____ Supplied material

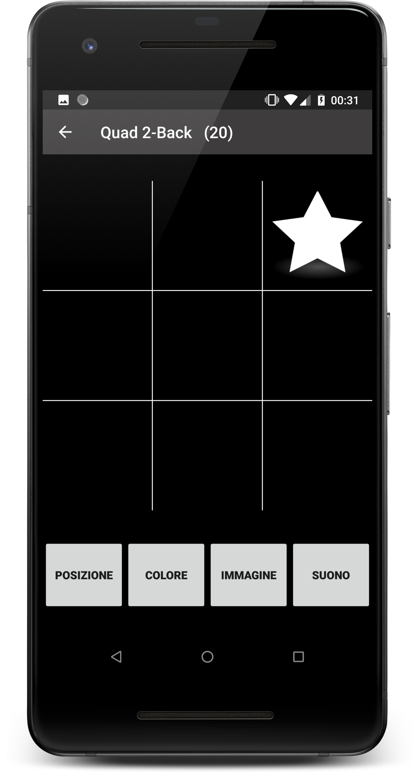 Istruzioni / Informazioni aggiuntive:Lo scopo del gioco è quello di tenere diversi oggetti nella memoria di lavoro e aggiornare attivamente questi elementi man mano che il gioco procede. Ad ogni nuovo tentativo, premi il pulsante di corrispondenza se l'elemento corrente corrisponde all'elemento che si è verificato un determinato numero di prove nel passato. Il termine "n-back" indica semplicemente quante prove (
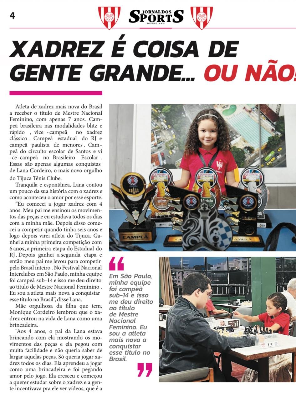 Lana é hoje o orgulho do Tijuca Tênis Clube e um símbolo inspirador para toda a comunidade enxadrística. Sua história mostra que o xadrez é, sim, coisa de gente grande… mas também de pequenos gênios que encantam o tabuleiro com coragem e inteligência.
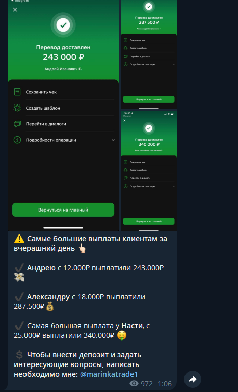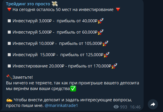 Администратор заявляет, что при инвестиции клиент ничего не теряет, ведь при неудаче ему возвращают деньги. Вот только никаких подтверждений этому нет, да и в целом все гарантии ограничиваются скриншотами банковских переводов или диалогов. И то, и другое подделывается максимально просто.
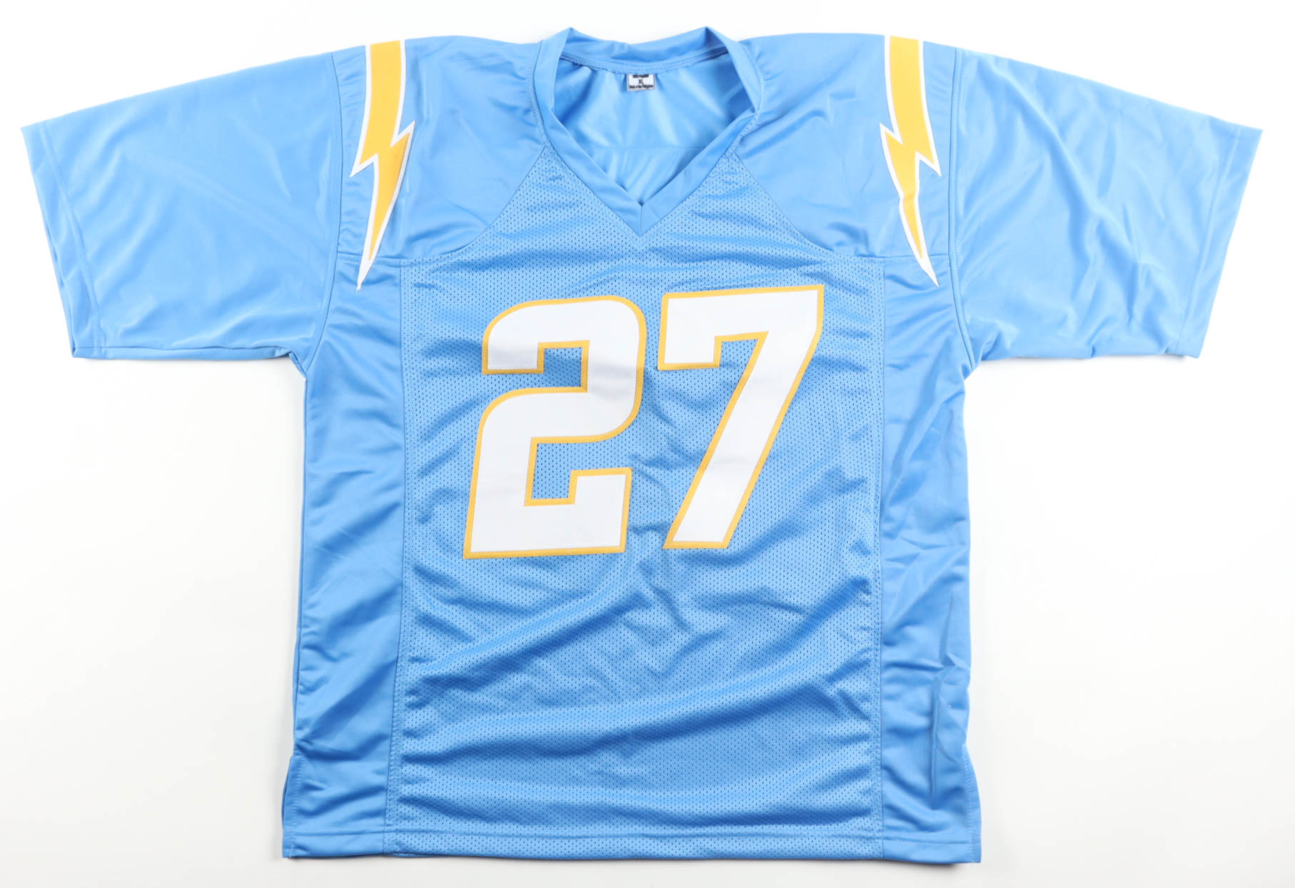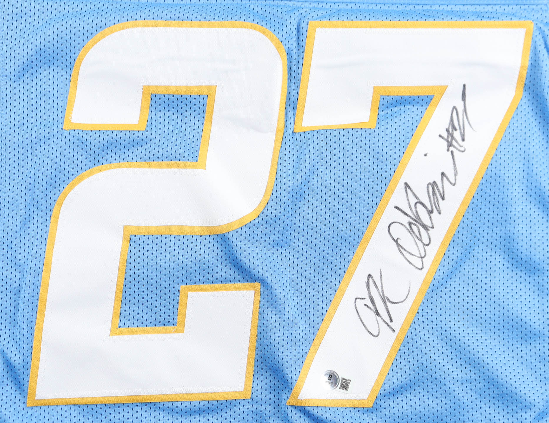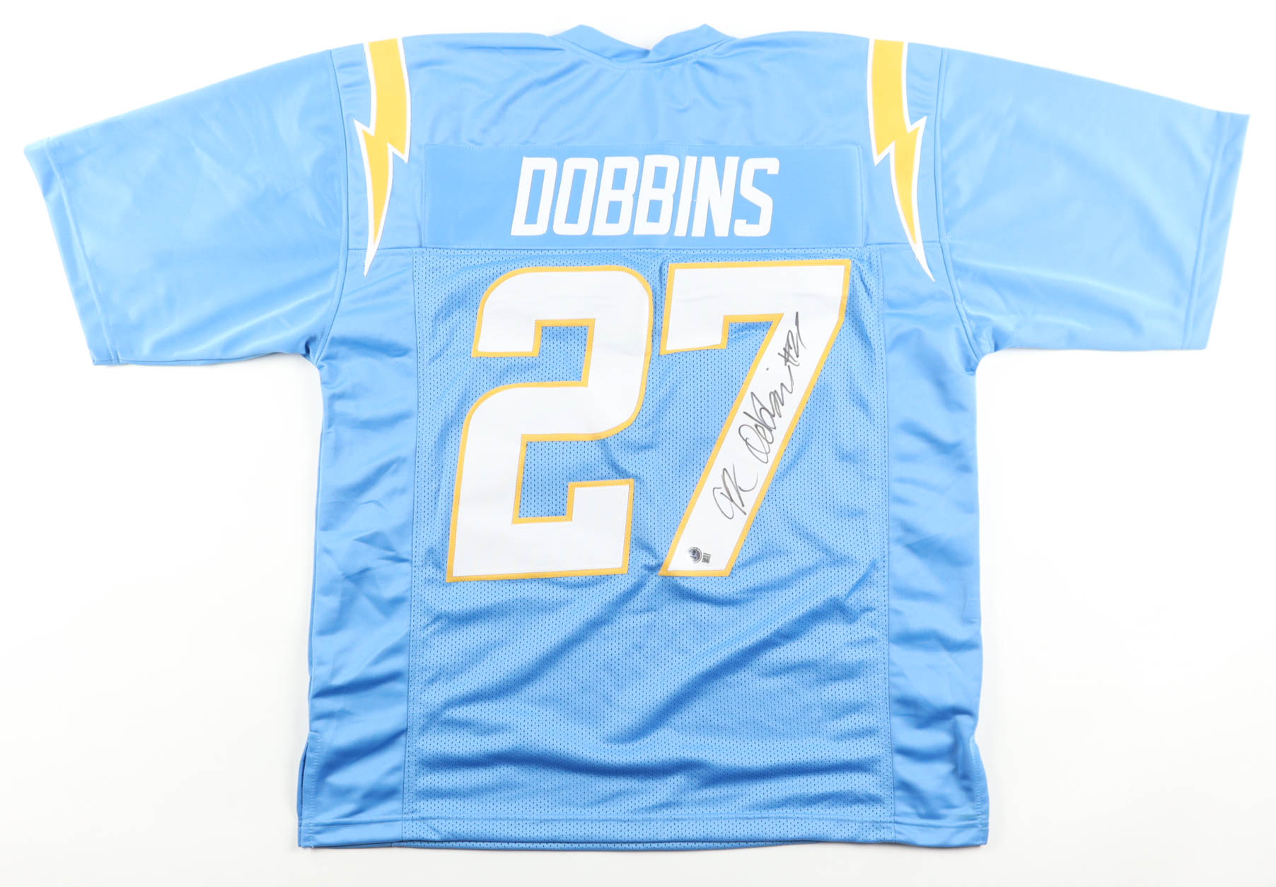 Custom jersey with everything sewn on, size XL. Has been hand-signed by J. K. Dobbins.

________

• [Work to complete]: When you copy the listing above, reproduce every line exactly and skip the images.

• [Final answer]:
 Istruzioni / Informazioni aggiuntive:Lo scopo del gioco è quello di tenere diversi oggetti nella memoria di lavoro e aggiornare attivamente questi elementi man mano che il gioco procede. Ad ogni nuovo tentativo, premi il pulsante di corrispondenza se l'elemento corrente corrisponde all'elemento che si è verificato un determinato numero di prove nel passato. Il termine "n-back" indica semplicemente quante prove (
 Lana é hoje o orgulho do Tijuca Tênis Clube e um símbolo inspirador para toda a comunidade enxadrística. Sua história mostra que o xadrez é, sim, coisa de gente grande… mas também de pequenos gênios que encantam o tabuleiro com coragem e inteligência.
 Администратор заявляет, что при инвестиции клиент ничего не теряет, ведь при неудаче ему возвращают деньги. Вот только никаких подтверждений этому нет, да и в целом все гарантии ограничиваются скриншотами банковских переводов или диалогов. И то, и другое подделывается максимально просто.
 Custom jersey with everything sewn on, size XL. Has been hand-signed by J. K. Dobbins.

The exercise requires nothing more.